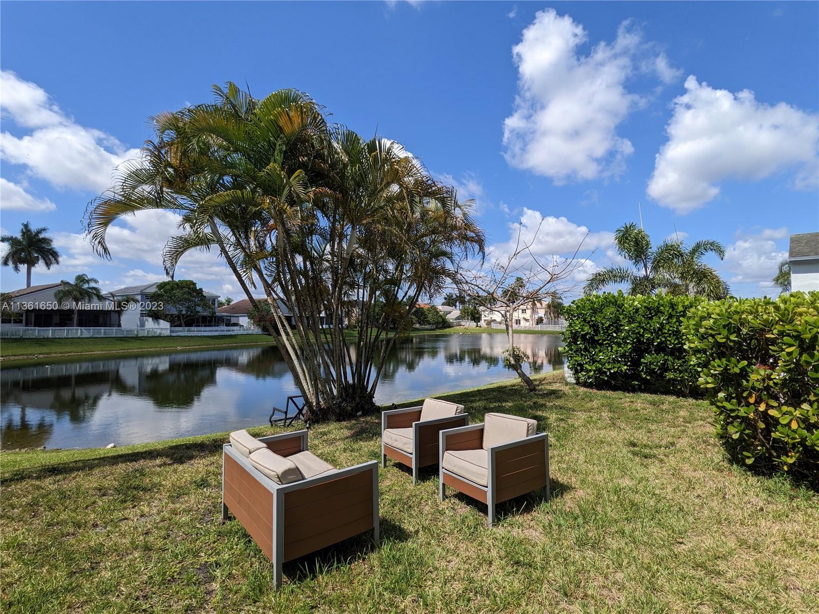 Back in Market as buyer coud not obtain financing. LAKE FRONT 2 story home in a quiet cul de sac in the highly sought after community of Shenandoah. Lake views from living room, kitchen and master bedroom where you will enjoy amazing sunrises and sunsets! The backyard has beautiful vegetation offering an oasis of relaxation perfect for family gatherings. Vaulted ceilings and french doors in living room and kitchen bring natural light throughout the main areas. Master bedroom and bathroom on ground floor. Many improvements: Exterior paint 2022, Dishwasher/refrigerator 2021, Hurricane impact windows/doors 2020, Hurricane proof garage door 2014, Dryer 2020, Washer 2017, Water heater 2018, AC Handler 2019. Close to Sawgrass Mall, A+ rated schools, I-75 and I-595.
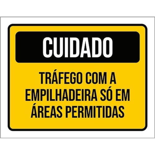 Kit 3 Placas Cuidado Tráfego Empilhadeira Áreas Permitidas Placas de sinalizaço fabricadas com poliestireno de alto impacto PSAI de 2mm e impressão ultravioleta.
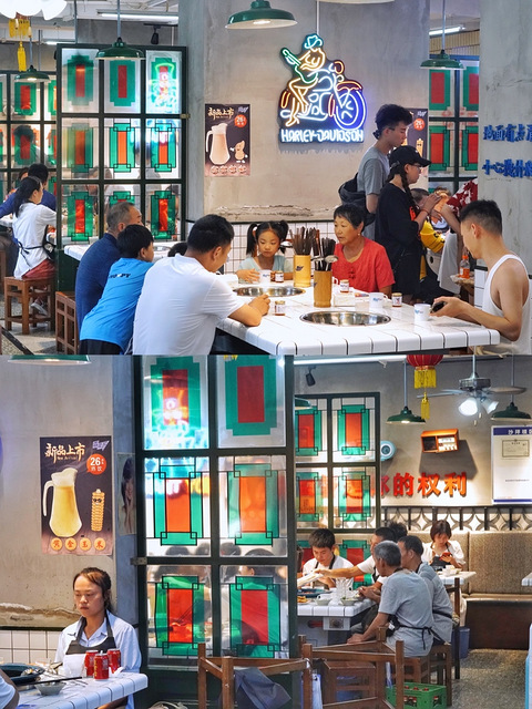 救命这家开在家附近的市井火锅人气真的太旺了下午五点就有人开始排队,外面的坝子都坐满了而且卤味真的太香,不管是朋友聚餐还是自己打牙祭都是在这儿不错的选择·店名:霹雳哥市井火锅地址:重庆凤天路凤西路金色悦城5期·非常市井的平价火锅霹雳哥的装修真的复古又市井小白砖、绿窗户、水泥墙…80年代的市井气息完美还原明档厨房也成了他们的"菜市场",很是新鲜·到店必点菜现卤系列?7?5他们的卤菜都是现卤的,明档窗口
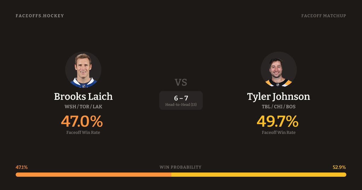 Brooks Laich vs Tyler Johnson — Faceoff Head-to-Head
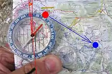 Compass navigation in conjunction with a map (terrain association) requires a different method. To take a map bearing or true bearing (a bearing taken in reference to true, not magnetic north) to a destination with a protractor compass, the edge of the compass is placed on the map so that it connects the current location with the desired destination (some sources recommend physically drawing a line). The orienting lines in the base of the compass dial are then rotated to align with actual or true north by aligning them with a marked line of longitude (or the vertical margin of the map), ignoring the compass needle entirely.[36] The resulting true bearing or map bearing may then be read at the degree indicator or direction-of-travel (DOT) line, which may be followed as an azimuth (course) to the destination. If a magnetic north bearing or compass bearing is desired, the compass must be adjusted by the amount of magnetic declination before using the bearing so that both map and compass are in agreement.[36] In the given example, the large mountain in the second photo was selected as the target destination on the map. Some compasses allow the scale to be adjusted to compensate for the local magnetic declination; if adjusted correctly, the compass will give the true bearing instead of the magnetic bearing.
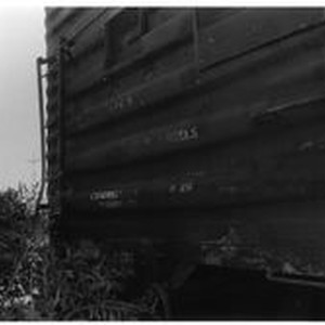 Photo--black and white: P&SR (Petaluma and Santa Rosa) railroad box car put in place behind the Sebastopol P&SR railroad depot that has become the West County Museum run by the Western Sonoma County Historical Society.
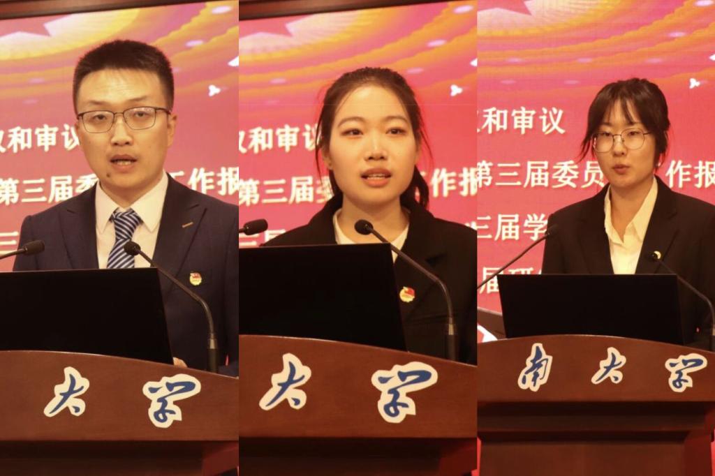在第一次正式会议上,邓昌海代表Beat365正版唯一官网必一共青团第三届委员会作工作报告,他指出要在习近平新时代中国特色社会主义思想指引下,团结带领全院青年,勇担使命谋发展,开拓进取创佳绩;李沁然代表学院第十三届学生委员会向大会作了题为《坚定理想信念,加强文化建设——迈进Beat365正版唯一官网必一学生会工作发展新征程》的工作报告,林琳代表第十三届研究生会向大会作了题为《以人文之光,共筑江南雅韵》的工作报告。他们分别回顾总结了过去一段时间学院分团委、学生会和研究生会的工作成绩和经验,并提出了未来的工作目标和规划。
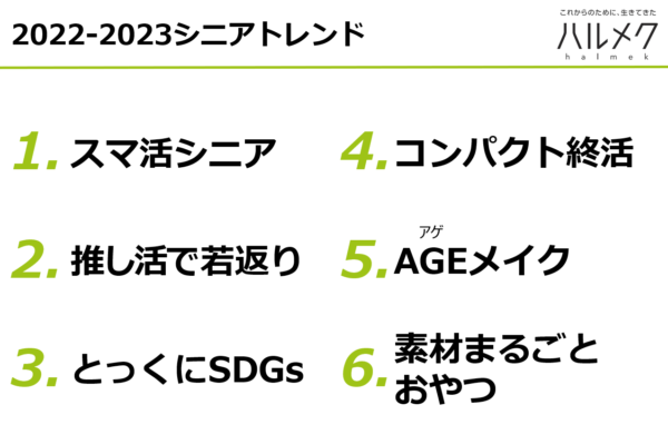 女性誌『ハルメク』をグループで発行する株式会社ハルメクホールディングスの「ハルメク 生きかた上手研究所」は12月7日、2022年のシニア世代の動向を振り返り、「2022-2023シニアトレンド」(出典:ハルメク 生きかた上手研究所調べ)を発表した。「スマ活シニア」「推し活で若返り」「コンパクト終活」など、現在のシニア世代の動向を明らかにした。
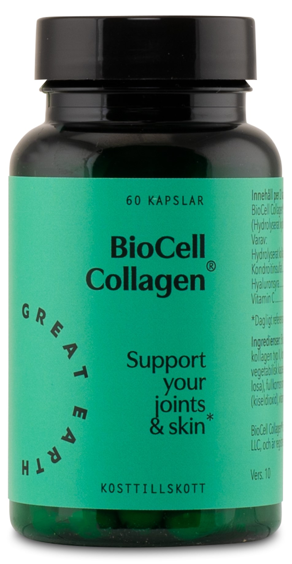 Great Earths kosttillskott BioCell Collagen är noggrant sammansatt med kollagen typ II, kondroitin och hyaluronsyra. Dessa naturliga ämnen finns naturligt i kroppens brosk och spelar en viktig roll för lederna, huden och bindväven. BioCell Collagen tillverkas genom en patenterad process som säkerställer snabb och effektiv absorption i kroppen. Kapslarna är också berikade med vitamin C för att främja kollagenproduktionen. De aktiva ingredienserna i produkten utvinns från kycklingbrosk, vilket har en liknande struktur som mänskligt ledbrosk och därmed lätt tas upp av kroppen. Extraktet framställs från kycklingar som inte har behandlats med hormoner eller antibiotika, för att säkerställa produktens renhet och höga kvalitet.
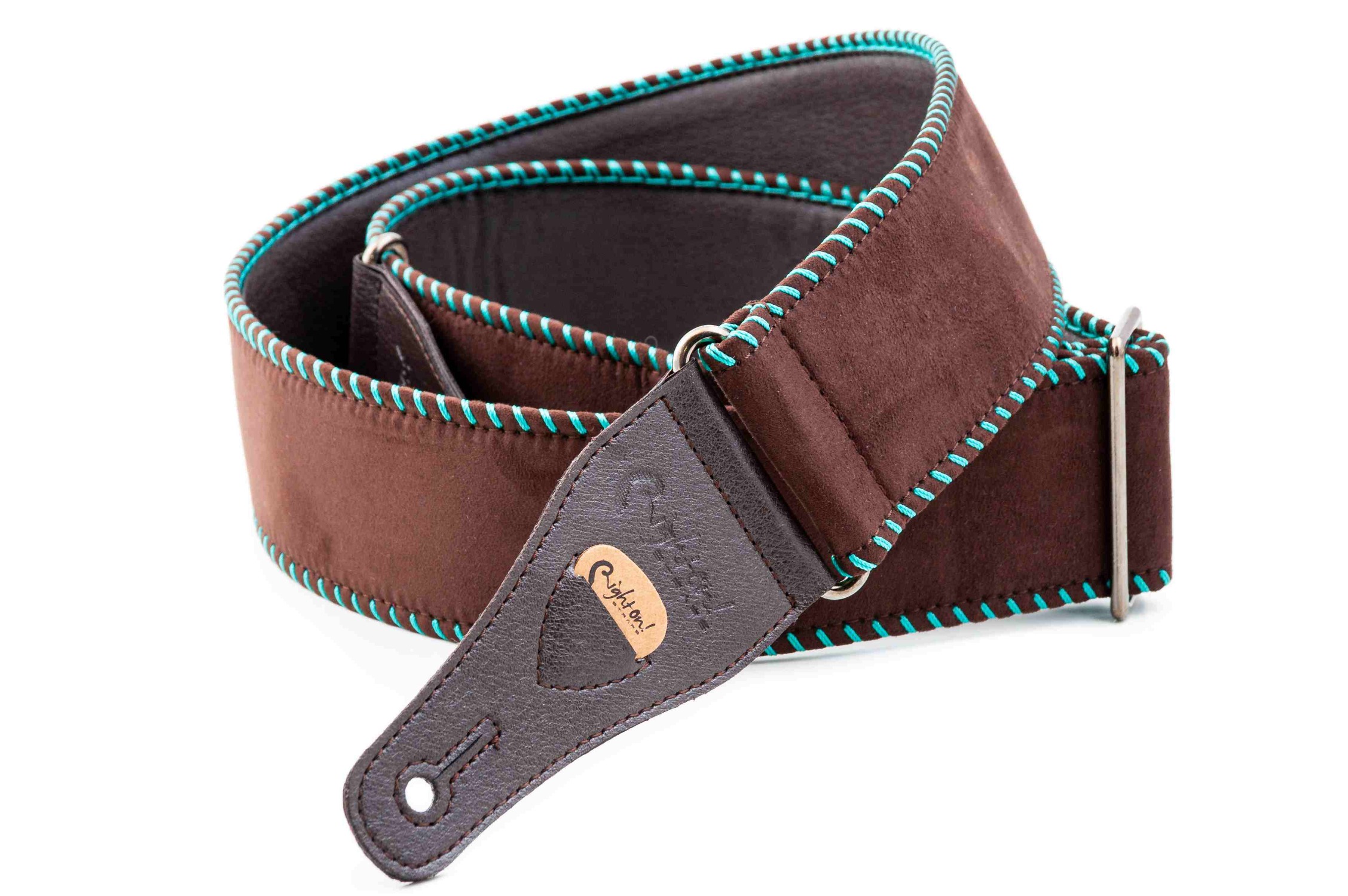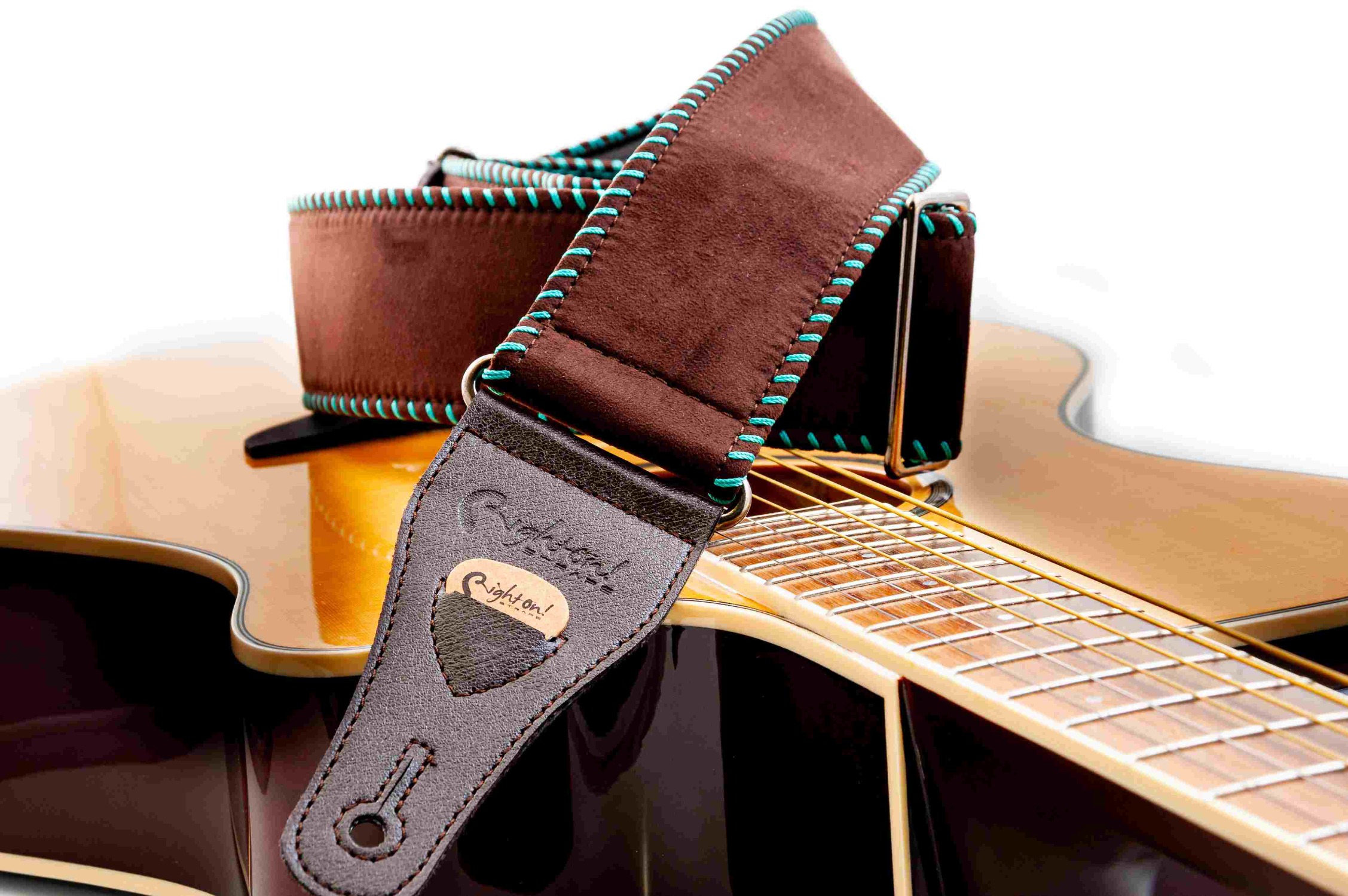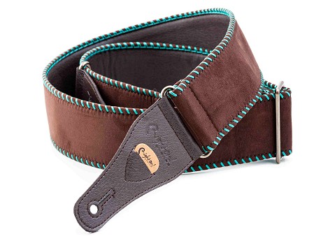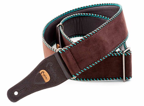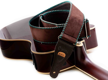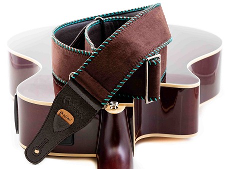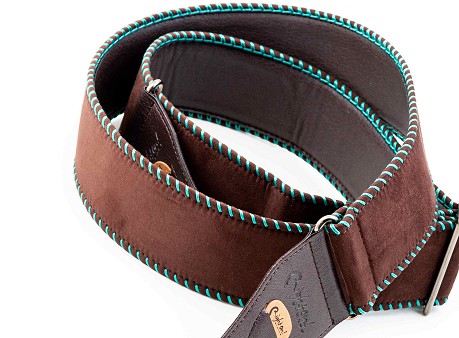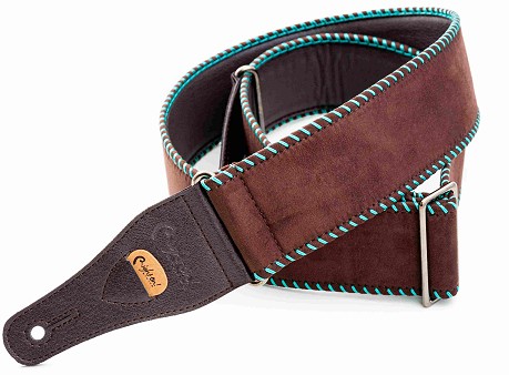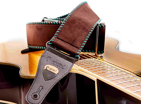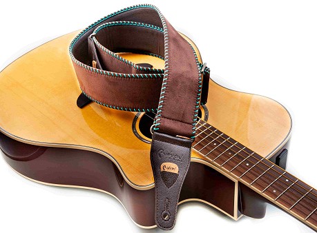 The Yeehaw strap is soft with 6 cm width, perfect for acoustic guitar. It offers a grip slightly slicker than what we usually use, featuring wide decorative saddle stitch.

┄┄┄┄┄┄┄┄┄┄┄┄┄┄┄┄┄┄┄┄

▶ **ASSIGNED TASK**
Repeat every entry above precisely, leaving each picture out.

▶ **FINISHED TASK**
 Back in Market as buyer coud not obtain financing. LAKE FRONT 2 story home in a quiet cul de sac in the highly sought after community of Shenandoah. Lake views from living room, kitchen and master bedroom where you will enjoy amazing sunrises and sunsets! The backyard has beautiful vegetation offering an oasis of relaxation perfect for family gatherings. Vaulted ceilings and french doors in living room and kitchen bring natural light throughout the main areas. Master bedroom and bathroom on ground floor. Many improvements: Exterior paint 2022, Dishwasher/refrigerator 2021, Hurricane impact windows/doors 2020, Hurricane proof garage door 2014, Dryer 2020, Washer 2017, Water heater 2018, AC Handler 2019. Close to Sawgrass Mall, A+ rated schools, I-75 and I-595.
 Kit 3 Placas Cuidado Tráfego Empilhadeira Áreas Permitidas Placas de sinalizaço fabricadas com poliestireno de alto impacto PSAI de 2mm e impressão ultravioleta.
 救命这家开在家附近的市井火锅人气真的太旺了下午五点就有人开始排队,外面的坝子都坐满了而且卤味真的太香,不管是朋友聚餐还是自己打牙祭都是在这儿不错的选择·店名:霹雳哥市井火锅地址:重庆凤天路凤西路金色悦城5期·非常市井的平价火锅霹雳哥的装修真的复古又市井小白砖、绿窗户、水泥墙…80年代的市井气息完美还原明档厨房也成了他们的"菜市场",很是新鲜·到店必点菜现卤系列?7?5他们的卤菜都是现卤的,明档窗口
 Brooks Laich vs Tyler Johnson — Faceoff Head-to-Head
 Compass navigation in conjunction with a map (terrain association) requires a different method. To take a map bearing or true bearing (a bearing taken in reference to true, not magnetic north) to a destination with a protractor compass, the edge of the compass is placed on the map so that it connects the current location with the desired destination (some sources recommend physically drawing a line). The orienting lines in the base of the compass dial are then rotated to align with actual or true north by aligning them with a marked line of longitude (or the vertical margin of the map), ignoring the compass needle entirely.[36] The resulting true bearing or map bearing may then be read at the degree indicator or direction-of-travel (DOT) line, which may be followed as an azimuth (course) to the destination. If a magnetic north bearing or compass bearing is desired, the compass must be adjusted by the amount of magnetic declination before using the bearing so that both map and compass are in agreement.[36] In the given example, the large mountain in the second photo was selected as the target destination on the map. Some compasses allow the scale to be adjusted to compensate for the local magnetic declination; if adjusted correctly, the compass will give the true bearing instead of the magnetic bearing.
 Photo--black and white: P&SR (Petaluma and Santa Rosa) railroad box car put in place behind the Sebastopol P&SR railroad depot that has become the West County Museum run by the Western Sonoma County Historical Society.
在第一次正式会议上,邓昌海代表Beat365正版唯一官网必一共青团第三届委员会作工作报告,他指出要在习近平新时代中国特色社会主义思想指引下,团结带领全院青年,勇担使命谋发展,开拓进取创佳绩;李沁然代表学院第十三届学生委员会向大会作了题为《坚定理想信念,加强文化建设——迈进Beat365正版唯一官网必一学生会工作发展新征程》的工作报告,林琳代表第十三届研究生会向大会作了题为《以人文之光,共筑江南雅韵》的工作报告。他们分别回顾总结了过去一段时间学院分团委、学生会和研究生会的工作成绩和经验,并提出了未来的工作目标和规划。
 女性誌『ハルメク』をグループで発行する株式会社ハルメクホールディングスの「ハルメク 生きかた上手研究所」は12月7日、2022年のシニア世代の動向を振り返り、「2022-2023シニアトレンド」(出典:ハルメク 生きかた上手研究所調べ)を発表した。「スマ活シニア」「推し活で若返り」「コンパクト終活」など、現在のシニア世代の動向を明らかにした。
 Great Earths kosttillskott BioCell Collagen är noggrant sammansatt med kollagen typ II, kondroitin och hyaluronsyra. Dessa naturliga ämnen finns naturligt i kroppens brosk och spelar en viktig roll för lederna, huden och bindväven. BioCell Collagen tillverkas genom en patenterad process som säkerställer snabb och effektiv absorption i kroppen. Kapslarna är också berikade med vitamin C för att främja kollagenproduktionen. De aktiva ingredienserna i produkten utvinns från kycklingbrosk, vilket har en liknande struktur som mänskligt ledbrosk och därmed lätt tas upp av kroppen. Extraktet framställs från kycklingar som inte har behandlats med hormoner eller antibiotika, för att säkerställa produktens renhet och höga kvalitet.
 The Yeehaw strap is soft with 6 cm width, perfect for acoustic guitar. It offers a grip slightly slicker than what we usually use, featuring wide decorative saddle stitch.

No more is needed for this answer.